Who is really killing it out there with performance marketing campaigns?
For us, we have what I would call "superheroes" in terms of content marketing. Our biggest clients--in categories like weight loss, online gaming, and meal delivery--have incredibly sophisticated data analysis that allows them to deeply understand their customers.
And then there's a layer below that of companies that are using content marketing for what I would call "performance branding". And that's where you have these great accountability and tracking measures in place, but what you're doing with it is building emotional connections with people. Some of the ones who do a great job on that are, like, Dr. Squatch. I don't know if you've seen their content, but it's really good, really funny. They're a men's soap and beauty products company. But they've developed a truly unique voice, and it's working for them. And then on the total other end of the spectrum, one of our other clients, 21 Seeds, is a woman-owned tequila brand. They have managed to acquire all these celebrity influencers who are working for them basically for free because they love the product so much! And that's part of what's driving this--these small companies that have to go out and fight against the big goliaths, they don't have the luxury of massive ad budgets. They can't go out and strong arm retailers and distributors. They have one shot, and they have to get it right in terms of qu ality of the product, the promises they're making, and the voice that they're using.
What verticals make the most sense for this approach?
It's not really about the vertical. We have weight loss clients with mainly female audience that skews a bit older--and on the other end of the spectrum, we've got gaming clients with a predominantly young male audience. It's more about "do you have a good handle on your data?" You have to understand attribution analytics, lifetime value calculation, ROAS, etc. Otherwise, you're not going to be able to measure the impact.
The other thing is, have a really good product that you believe in and a willingness to express a unique voice about that product.
Why are there so many crappy companies in the MarTech space?
Yeah. You've identified the biggest day-to-day challenge that I have, which is, if we're able to get a meeting with a client, we close 80-90% of those deals. Which is amazing. But it's hard to get the meeting. And that's because there is so much noise in the marketplace.
Crassly, I call it the "shitball factor." There are a lot of shitball companies out there in this space. And I'm not sure that the % of shitballs in Martech is higher than other industries, but for sure our category as a whole does suffer from a perception problem. Part of it is there have been players out there who haven't been able to deliver on their promises to clients. Their technology hasn't been able to live up to the hype. So we made a calculated decision from the beginning to invest heavily in our tech and make sure that if we say we can do something, we damn well better be able to follow through on it. And that's reflected in everything we do. Our contracts are written such that, if we're not performing, the client can walk away, which would be a disaster for us because we invest so heavily upfront.
Now, I'll say this in defense of the industry. There *is* a lot of complexity in this. The models are still evolving and being built, and sometimes in attempting to simplify that complexity for prospects, some of the messaging can get a little sloppy.

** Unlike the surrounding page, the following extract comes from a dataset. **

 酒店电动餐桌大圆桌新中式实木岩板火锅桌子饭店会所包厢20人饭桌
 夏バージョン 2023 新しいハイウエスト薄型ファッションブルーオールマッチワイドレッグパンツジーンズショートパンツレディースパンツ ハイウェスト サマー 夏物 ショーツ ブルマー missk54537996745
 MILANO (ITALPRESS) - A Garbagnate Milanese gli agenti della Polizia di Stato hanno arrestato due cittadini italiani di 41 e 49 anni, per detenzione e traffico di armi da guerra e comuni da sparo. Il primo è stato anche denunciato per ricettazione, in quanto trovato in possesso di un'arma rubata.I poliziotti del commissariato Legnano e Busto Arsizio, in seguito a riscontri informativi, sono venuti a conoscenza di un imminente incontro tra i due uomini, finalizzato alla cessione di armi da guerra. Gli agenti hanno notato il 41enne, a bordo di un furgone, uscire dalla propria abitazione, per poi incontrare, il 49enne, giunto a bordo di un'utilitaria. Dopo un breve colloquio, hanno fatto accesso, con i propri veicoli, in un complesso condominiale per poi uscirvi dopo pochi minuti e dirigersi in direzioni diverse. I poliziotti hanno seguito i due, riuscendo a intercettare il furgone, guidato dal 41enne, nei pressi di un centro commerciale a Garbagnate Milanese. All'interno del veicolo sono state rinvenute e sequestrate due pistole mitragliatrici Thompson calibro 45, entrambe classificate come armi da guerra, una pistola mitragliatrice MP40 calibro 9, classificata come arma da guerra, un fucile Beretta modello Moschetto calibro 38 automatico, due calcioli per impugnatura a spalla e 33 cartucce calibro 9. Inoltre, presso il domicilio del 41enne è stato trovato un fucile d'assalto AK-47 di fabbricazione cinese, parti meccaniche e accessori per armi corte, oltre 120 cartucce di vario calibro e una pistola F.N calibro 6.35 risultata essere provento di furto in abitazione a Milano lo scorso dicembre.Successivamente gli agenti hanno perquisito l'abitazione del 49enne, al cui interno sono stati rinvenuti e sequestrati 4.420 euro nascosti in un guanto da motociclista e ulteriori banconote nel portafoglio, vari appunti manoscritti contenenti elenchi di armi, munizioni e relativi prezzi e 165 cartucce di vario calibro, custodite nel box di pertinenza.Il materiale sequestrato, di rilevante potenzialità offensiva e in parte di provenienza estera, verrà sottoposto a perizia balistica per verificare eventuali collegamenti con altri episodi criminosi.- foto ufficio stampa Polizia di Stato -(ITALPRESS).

What networks are emerging as "the next great acquisition platform?"
That's a great question. We're seeing tremendous growth with Instagram, particularly in terms of top of funnel metrics. It's a really interesting audience, but it's different. And that's kind of hte point. You can't treat every network the same because they all have different audiences, different algorithms, and different uses. We have had tremendous success with the Native Networks--Taboola, Outbrain, Verizon, and now Google. They are consistently strong performers for our clients. That's surprising to some people because we often have clients who come to us saying, "well, we tried Native before and it didn't work." Well, what were you *doing* specifically that didn't work? What was the strategy? Were you really using that platform the way it is meant to be used.
Overall, what we've found is that the model works best when there is diversification of the messaging. The key is to understand how to USE these various networks in concert towards the bottom-line objective of profitable growth. The beauty in what we do is that we are platform-agnostic. We eliminate the risk of a single point of failure based on network performance.
What is the future of performance marketing?
I think the question is really, "what is the future of marketing?" and the answer is "performance." In this media environment, with the tools that are now available, there is just no reason, no excuse not to be focused on measurable performance. I can't understand why anyone wouldn't take advantage of those tools, even if your goal is just protecting a big incumbent brand.
What is your model? When people think of Geist, what should they think of?
I think we need to be synonymous with performance. Period and end of story. Working with Geist means that you're not only going to acquire customers profitably, you're going to acquire the most profitable customers, the ones who deliver strong lifetime value.